Access to the data by other researchers will only be allowed if they agree to preserve the confidentiality of the personal and health information as requested in the information about the trial. Their access will also require approval from the original study researchers AND approval from a Human Research Ethics Committee (HREC).

BCT is excited to be involved in a national project, working with the Australian Research Data Commons (ARDC), and using the opportunities that the sharing of research data can hold for members and the wider research community. The ARDC, in conjunction with the health research community is building the Health Studies Australian National Data Asset (HeSANDA).

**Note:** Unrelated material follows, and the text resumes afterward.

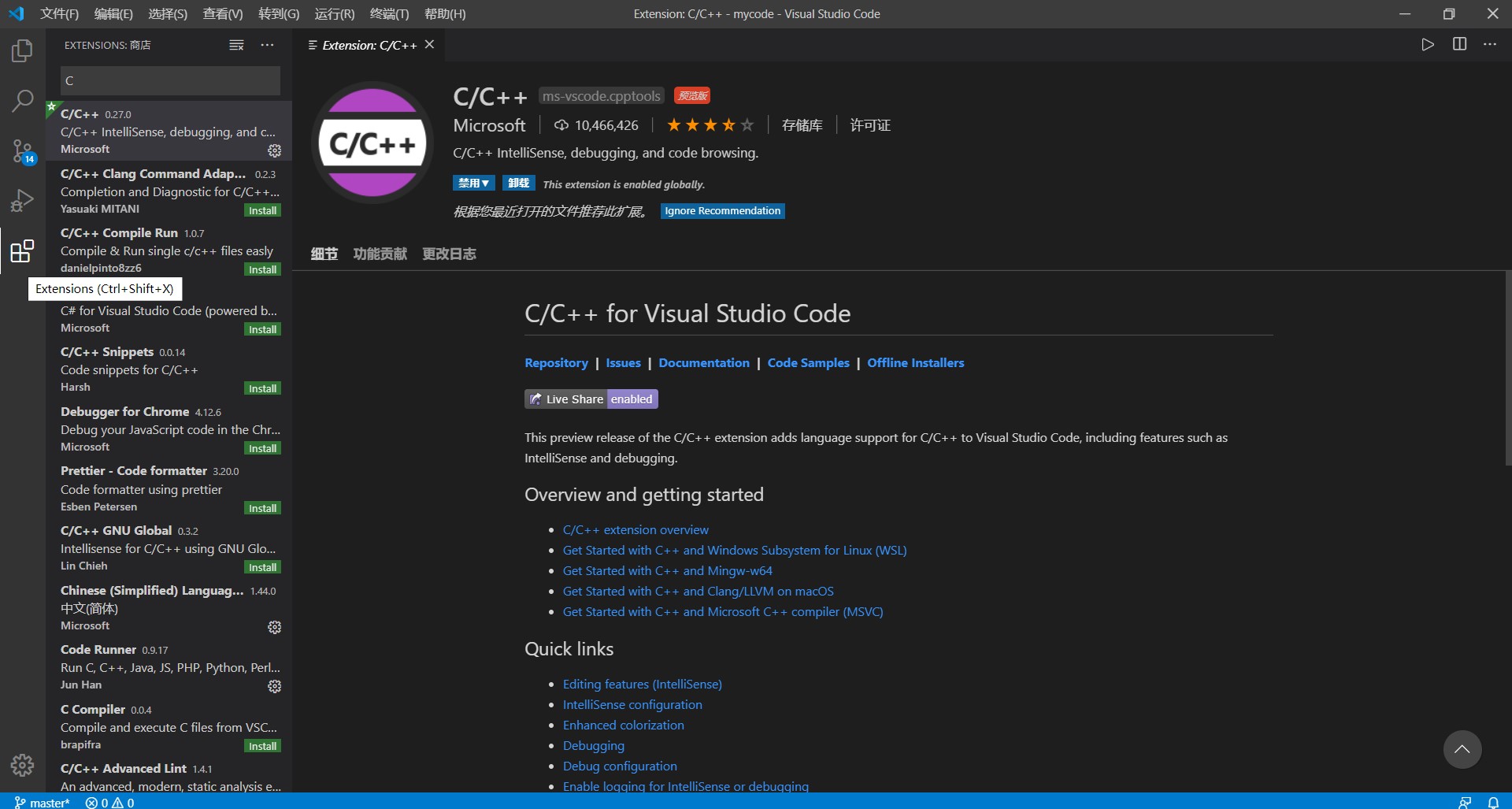 在VS Code的插件中搜索C/C++,安装该插件即可。

Health research studies and clinical trials create a wealth of information about the participants in the research, their health and the interventions being studied. That data generated is valuable to more than just the original study, however, issues of patient privacy and the naturally siloed approaches of some research groups and government jurisdictions means that sharing data for these valuable purposes is complex and sometimes impossible. Click here for more information.

ARDC have released a series of short videos regarding Data Sharing and the HeSANDA project. To watch the videos, click the links below:

• Benefits of Data Sharing
• What is Health Data Australia?
• Setting up a New Clinical Trial for Data Sharing
• Why is Metadata Important for Research?

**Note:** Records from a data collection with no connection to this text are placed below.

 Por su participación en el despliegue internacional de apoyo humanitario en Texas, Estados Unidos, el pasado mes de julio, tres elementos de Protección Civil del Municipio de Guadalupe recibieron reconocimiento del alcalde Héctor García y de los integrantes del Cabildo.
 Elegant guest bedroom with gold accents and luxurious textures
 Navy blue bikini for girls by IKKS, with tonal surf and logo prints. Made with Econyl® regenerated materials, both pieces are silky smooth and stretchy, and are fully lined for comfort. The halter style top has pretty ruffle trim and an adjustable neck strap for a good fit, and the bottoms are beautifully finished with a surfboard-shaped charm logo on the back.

Data Linkage creates links between information about a person from different sources including, but not limited to, medical records, and registries like the Australian Cancer Database and the National Death Index in Australia, or the Health Statistics and Data Sets in New Zealand. These agencies are also referred to as data custodians.

Data Linkage is done to collect additional information, for example any further diagnosis for cancer, long after a person has stopped taking part in a study. Data linkage is an effective way for researchers to continue to look at the long term effectiveness of the treatments used in a study, without needing to directly contact participants.

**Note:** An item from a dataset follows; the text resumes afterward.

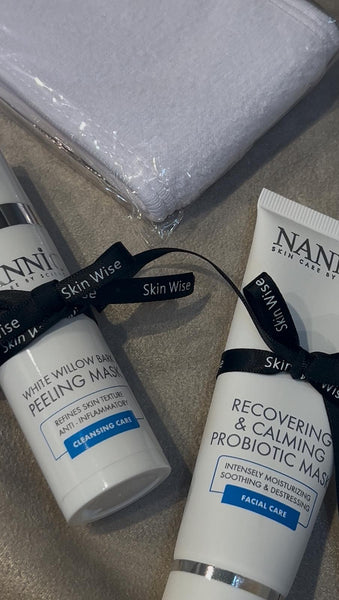 Includes: Nannic Willow Bark Peel 30ml (exfoliate) + Recovery Calming Mask 50ml (nourish) + Headband. Our top-selling duo pairs gentle exfoliation with deep nourishment, leaving your skin refreshed, balanced and radiant. The perfect Chirstmas gift set.

By agreeing to take part in a BCT clinical trial, BCT may in future request your identifiable information such as name, date of birth and address from the hospital where you took part in a BCT trial to use for Data Linkage. By taking part in the clinical trial, you agree to provide, or allow the hospital to provide, this information if it is required.

Your identifiable information, such as your name, gender, date of birth, address and linked registry data, will only be requested if:

• BCT decides to proceed with Data Linkage, AND
• Only after all required approvals for data linkage have been obtained such as:
  • Ethics review and approval from the relevant HREC(s) for a project requesting access to your information for data linkage

• • Permission from the data custodian(s) (who perform data linkage from your identifiable information).

BCT will strictly maintain privacy and confidentiality, and will ensure that your information is stored, used and transmitted securely. BCT will only use your identifiable information to provide to the data custodian(s) for Data Linkage. Your identifiable information will never be released to researchers; instead, project-specific patient codes will be created by the data custodian(s) before giving it to researchers.

Your health records and any personal and health information obtained during a clinical trial are subject to inspection (to check that all the procedures and data are complete and accurate) by the relevant authorities (such as the Therapeutic Goods Administration or Medsafe) and authorised representatives, collaborators and licensees of BCT, other organisations involved in the study (e.g. a pharmaceutical company, international collaborative group), hospitals participating in the study, or as required by law.

By signing the Consent Form, you authorise release of, or access to, this confidential information to the relevant study personnel, regulatory authorities, and parties as noted above.